Events

Join Professor of Theater and Program in Music Theater Director Stacy Wolf for a short conversation about her new book, Beyond Broadway: The Pleasure and Power of Musical Theatre Across America, as part of a “Telephone Hour” session for musical theatre professors and students. Professor Wolf will talk about the book for 15 minutes, followed by a Q&A session.

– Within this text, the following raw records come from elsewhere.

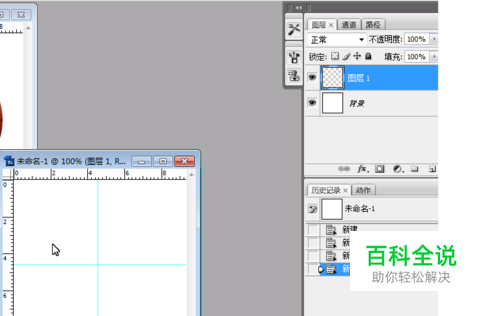 新建一个图层,点击视图-->标尺,拉出一条十字坐标参考线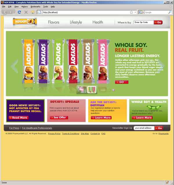 I was the main developer for the 2009 redesigned Soyjoy website. The site went live at around Christmas 2008 just in time for the 2009 New Year.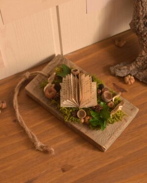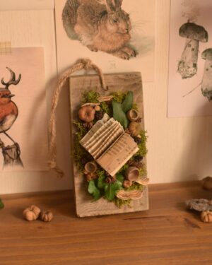 Une suspension murale originale et unique réalisée à partir d’un support en bois que j’ai chiné en ligne. Cette création féérique est parfaite pour les amoureux des livres et des univers fantastiques.

This conversation is open to Princeton students, faculty and staff. Visit our Virtual Events Page for the Zoom ID to join this conversation; participants will need to log in to this page with Princeton University ID to gain access.

ABOUT

stacy wolf

Photo by Justin Goldberg

STACY WOLF is one of America’s foremost scholars on musical theatre. She is Professor of Theater at Princeton, Director of Fellowships, and Director of Princeton’s new Program in Music Theater. She is the author of Beyond Broadway: The Pleasure and Promise of Musical Theatre Across America (Oxford University Press, 2020), which explores musical theater across the country in local and amateur venues like summer camps, high schools, and community theatres. Her chapter on Disney musicals in elementary schools appears in The Disney Musical: Stage, Screen, and Beyond.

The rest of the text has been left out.